Şunu iyi bilmeliyiz ki iman Müslümanın hayatında en büyük nimettir. Onsuz bir hayat zillet ve rezaletin ta kendisidir. Çünkü iman kişilere şahsiyet, toplumlara izzet, devletlere kuvvettir. Hakiki iman kişilere saadeti kazandırdığı gibi, hakikati haykırmak için kâinata meydan okutturur. Bu hakiki imanın lezzetini bilenler ancak onunla yaşayanlardır. Onun için muvahhid bir Müslüman zindanı medreseyi yusufiye, sürgünü seyahat, davası uğrunda ölmeyi en büyük rütbe olarak görür. Bundan dolayı imandan mahrum olan bir toplum insanlığın başına bela olduğu gibi tarih sayfasından silinmeye de mahkumdur. Fakat ehli iman dünya ve ahirette Allah katında büyük bir rütbeye sahiptir. Allah her an onlara yardım eder, hem sever hem de sevdirir. Kısacası iman emin ve emanın sigortası olduğu gibi, iman ehli de toplumlar için güvencenin simgesidirler.
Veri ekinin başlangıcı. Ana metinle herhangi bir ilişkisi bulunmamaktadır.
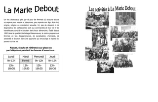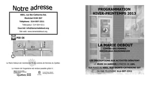 Le document présente les activités et programmes du centre La Marie Debout pour l'hiver-printemps 2013, offrant un espace de soutien et de socialisation pour les femmes de toutes origines. Les inscriptions aux activités débutent le 24 janvier, avec divers ateliers, sorties et initiatives de mobilisation pour les droits des femmes prévues tout au long de la saison. Le centre, fondé en 1982, se distingue par son approche inclusive et solidaire, sans dossiers ni diagnostics pour ses participantes.
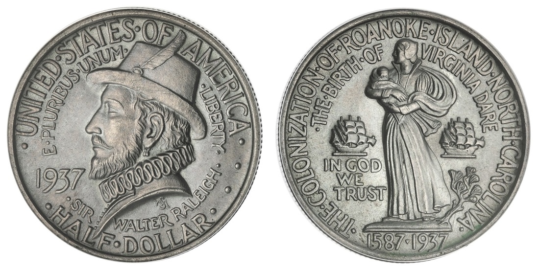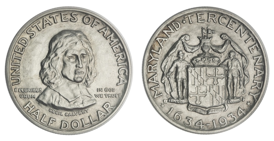 Pair of Commemorative Half Dollars -- 1934 Maryland; and 1937 Roanoke. Both ANACS MS 60 Details - Cleaned. (2).

Aslen âlemi İslam'ı küfür âlemine çeviren, Müslümanları zelil kâfirleri aziz kılan, ehli imanı bölük pörçük eden dış ve iç unsurlar değildir. Bu noktada asıl rolü oynayan iman gibi esas kavramların içinin boşaltılması ve bizim de bunun ruhunu kaybetmemizdir. Bu nedenle İslami kavramları yeniden ihya etmeli, özellikle iman kavramının mahiyetini iyice idrak etmeliyiz.
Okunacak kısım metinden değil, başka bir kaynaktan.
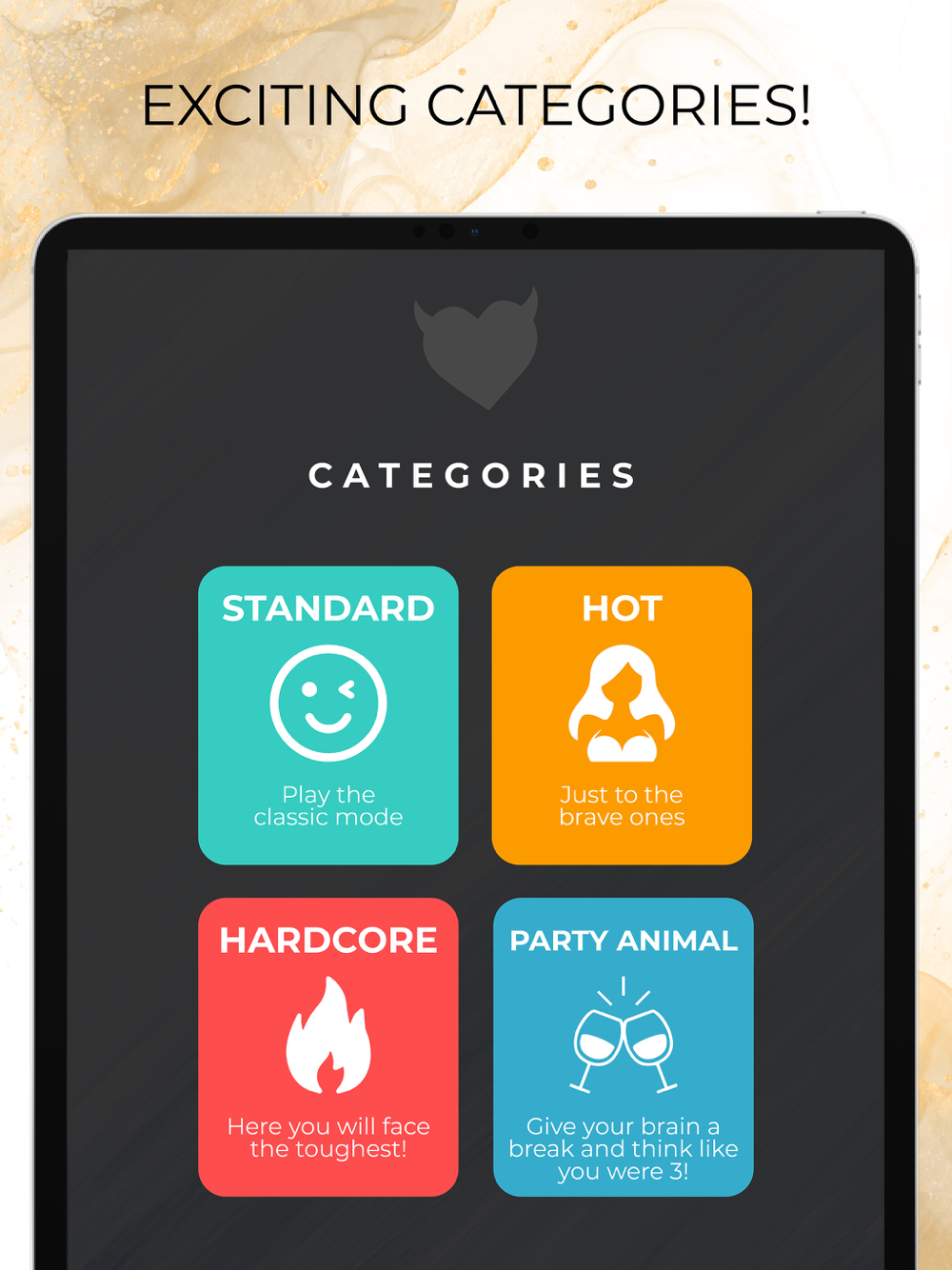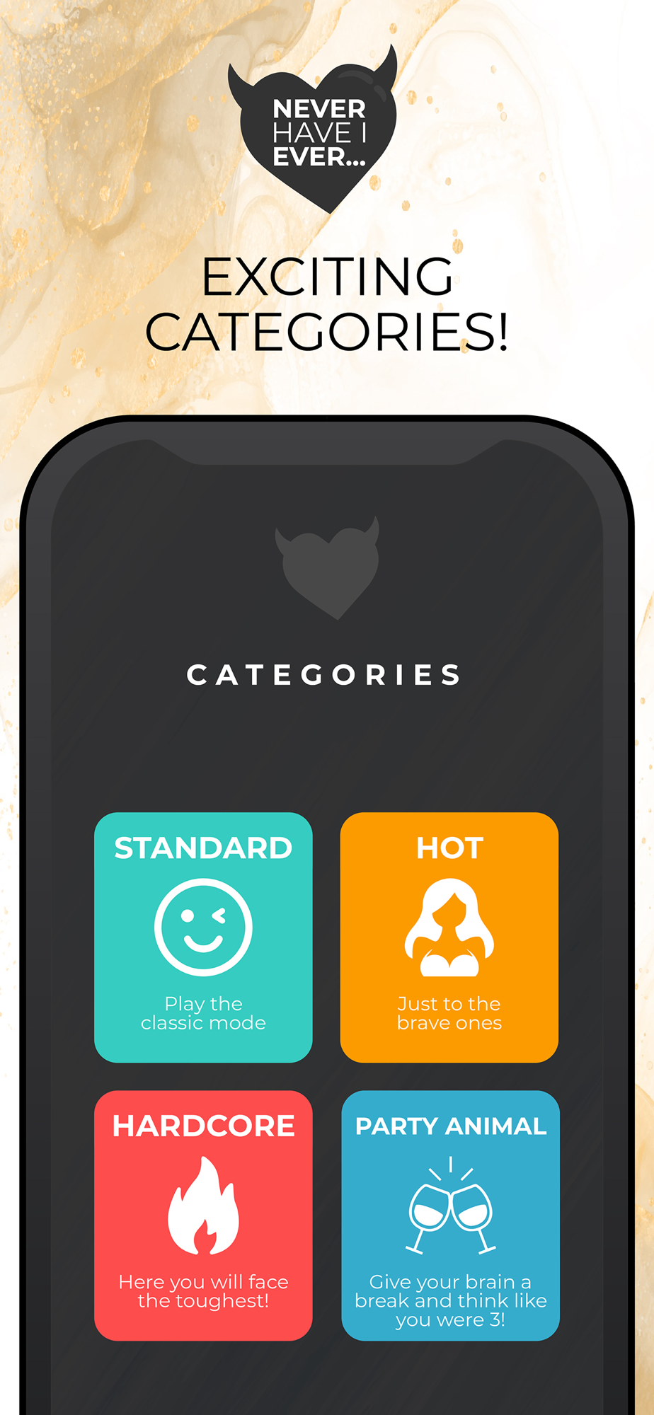 This is the classic never have I ever game, a perfect app to play together with your friends, girlfriend, boyfriend or.. unlimited possibilities, even the most dirty one ;)

İman kelimesi, türevleriyle birlikte Kur'an-ı Kerim'de fiil ve isim olarak 35 değişik kalıpta toplam 812 kere kullanılmıştır. Kur’an’ın onda birinden fazlasının imanla direkt ilgili ifâdeler olması, konunun önemini göstermek için yeterlidir.
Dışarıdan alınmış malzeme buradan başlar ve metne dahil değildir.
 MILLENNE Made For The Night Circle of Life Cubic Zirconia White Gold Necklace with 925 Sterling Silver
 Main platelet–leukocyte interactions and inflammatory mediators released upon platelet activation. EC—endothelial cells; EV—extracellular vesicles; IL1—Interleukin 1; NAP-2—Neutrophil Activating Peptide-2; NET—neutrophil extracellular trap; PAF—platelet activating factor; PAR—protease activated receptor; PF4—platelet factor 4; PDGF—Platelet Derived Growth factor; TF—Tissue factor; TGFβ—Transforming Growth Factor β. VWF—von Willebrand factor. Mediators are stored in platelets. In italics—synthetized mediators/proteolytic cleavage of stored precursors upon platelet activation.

Kuran, iman hakkında gayet incelikli ve sevdirici ile bir üslup ile bahsetmekte, onu çekici bir görünümde tasvir etmekte ve imanı doğru, kesin ve açık bir şekilde tespit etmektedir. Kuranın iman hakkındaki sözleri hak ve doğrudur; çünkü o Allahın kelamıdır. Allah’tan daha doğru sözlü kim olabilir?

Elinizdekini tasdik etmek üzere indirdiğim Kur'an'a iman edin." (Bakara, 41) "Allah'a ve Peygamberine iman edin. Eğer iman eder ve takvâlı olursanız en büyük mükâfat sizindir." (Âl-i İmran, 179) "Ey iman edenler, Allah'a, Peygamberine, Peygamberine indirdiği Kitaba ve daha önce indirdiği kitaba iman edin. Kim Allah'ı, meleklerini, kitaplarını, peygamberlerini ve ahiret gününü inkâr ederse, son derece büyük bir sapıklığa düşmüş olur." (Nisâ, 136) “Benim kalbim temiz, kimseye kötülük düşünmem, herkesin iyiliğini isterim” diyerek kendini kandıranlara gerçek iyiliğin ne olduğunu Kur’an şöyle açıklar: "Gerçek iyilik, yüzünüzü doğuya veya batıya döndürmeniz değil; Allah'a, ahirete, meleklere, kitaplara ve Rasûllere iman etmenizdir..." (Bakara, 177)

İman, insanı kopmaz, çürümez bir bağa kavuşturur ve boşluklara yuvarlanmasını önler. (Bakara, 256). İmandan yoksun kalanları Kur'an, hayvanların en şerlisi olarak anmaktadır. (Enfâl, 55) Fakat, ne yazık ki, insanlığın çoğunluğu bu imandan uzak bulunmuştur, bulunacaktır. (Bkz. Hûd, 17; Ra'd, 1, 31; Yûnus, 99; Yûsuf, 16, 103)

İman, muhtevâ (içerik) yönünden ise, yani iman edilmesi gereken hususlara parça parça, peyderpey inanma gibi bir artış veya bunda bir azalma kabul etmez. Çünkü doğru iman, ancak tam teslimiyet ve bütünüyle kabul etmekle geçerli olur. Kısmî iman, kısmî küfür demektir. Bir kısmını inkâr da tamamını inkâr gibidir. İman edilmesi gereken unsurlar birbirine bağlı bir bütündür.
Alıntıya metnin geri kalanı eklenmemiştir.